Most of the kids at Pullman High had parents who worked at WSU or Schweitzer Engineering Labs, which made us a fairly homogeneous tax-bracket group. I'd just assumed Rick was the same, but now I struggled to remember if there was something different about his background. What had Adrian said about his family?

Um . . . they didn't understand his musical genius . . . and well, I usually stopped listening after that. Could they be wealthy?

Rick drove a jeep. Those weren't that expensive. On the other hand, over the summer his family had vacationed in Kauai. I knew this because Adrian had moped around for the entire two weeks he'd been gone. That's when I'd started trying to set her up with normal guys.

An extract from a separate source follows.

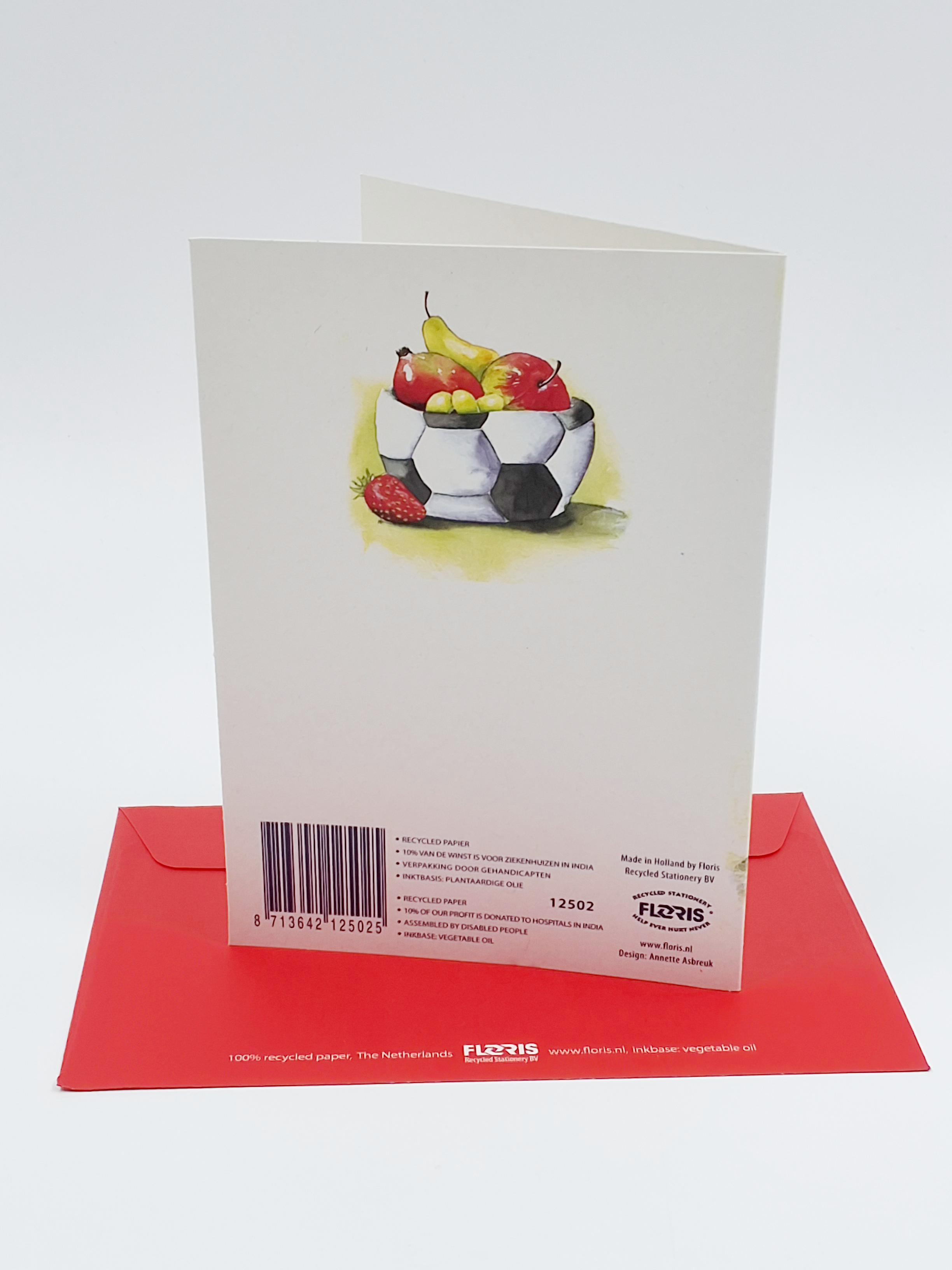 Onze wenskaarten zijn gemaakt van gerecycled papier en bedrukt met inkt op basis van plantaardige olie.

I shrugged. "Maybe they have money."

I didn't say more because Rick walked up to the mike, welcomed people, and started his first song. I recognized it right away. It was the one we'd accidentally played at the pep assembly. Everyone burst into applause. I rolled my eyes, then let my gaze wander over the crowd.

I mentally rated each outfit I saw, every once in a while commenting to my friends if someone had made a great choice or an especially glaring mistake. Samantha is trying to break me of this habit because she says I sound like a fashion fascist, but really, is it that hard for people to follow simple rules? No one gets mad at teachers for pointing out where you should use punctuation in your writing. It's the same thing, but instead of commas, I point out that you shouldn't wear a sweater that makes you look like you're smuggling a life vest under your shirt.

I want to be a fashion designer someday so I have to pay attention to this kind of stuff. Besides, it's not like I say these things to people's faces. Although I admit I'm considering it in Naomi's case. She's so thin and wears such tight-fitting clothes, that every time I see her I have the urge to slip her a Snickers bar just to keep her from starving to death.

She and Mike were hanging out with the football crowd. The guys smiled and talked with her, accepting her as easily as they ever accepted me. Naomi had her hand draped across Mike's waist in a way that made me feel conspicuously boy-less and wanting to spend the rest of the evening dancing with a hot, mysterious stranger.

In fact I needed it. I wasn't about to go one more night letting Mike think that I was still moping over him.